At the same time District Collector, Mir Mohammed Ali IAS (Kannur), was running an initiative called Collectors @ School, which worked with schools and the city municipality to collect plastic waste. Mir has been credited with the project ‘Plastic free Kannur’, through which he launched a focused campaign to phase out plastic carry-bags and disposables and ordered stern action against establishments using plastic carry bags, disposable plates and cups. The two put their heads together and on November 1, 2017, Collectors @ School Phase 2 was born with eight schools and two waste recycling plants.

Current operations and future plans

The project was kick-started with minimum investment and broke even in the very first month of operation. It is now in the early stages of earning a profit. Within the first four months Collectors @ School Phase 2 has achieved impressive milestones. It has onboarded 150 schools and works directly with more than 38,000 school students. They have collected and recycled 3.15 tonnes of plastic waste.

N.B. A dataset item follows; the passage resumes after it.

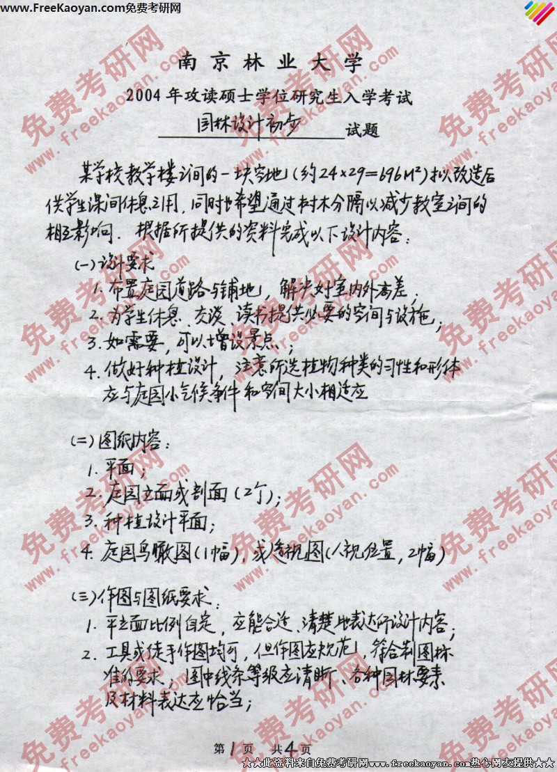 专业课考研经验 本站小编 FreeKaoyan 2018-01-23南京林业大学2004年考研真题-室内设计基础
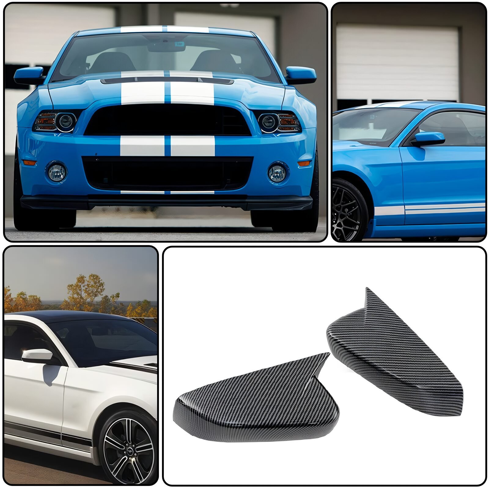Cubierta diseñada para los retrovisores del Ford Mustang 2010-2014. Fabricada en materiales duraderos, disponible en negro gloss o fibra de carbono, proporciona protección contra rayones y elementos externos. Mejora la estética deportiva del Mustang, resaltando su perfil agresivo y moderno con un acabado elegante.

Gopakumar discusses their profit- making revenue models with gusto and confidence. They have two main streams of revenue. The first is the margin on the sale of recyclable plastic.

“Every category of plastics we collect has a retail and a wholesale price. We collect plastic at a retail price and sell at the wholesale price to recycling companies. This is a huge margin.”

The second is the margin on products, that is offered to schools and students in return for their waste collection and segregation efforts.

“Since we are giving value based points to each school, it can convert these points by purchasing goods from the online cart inbuilt with our online application, W-MIS. We keep a margin on the products on the cart.”

As the initiative is driven and powered by a technological platform, the founders believe that their project is built to scale effortlessly.

“We are currently working on the online application to make it more robust and to be able to handle more students and schools. We also plan to diversify the online cart. We are also working to make operations automated so that this model can be implemented in any state across India.”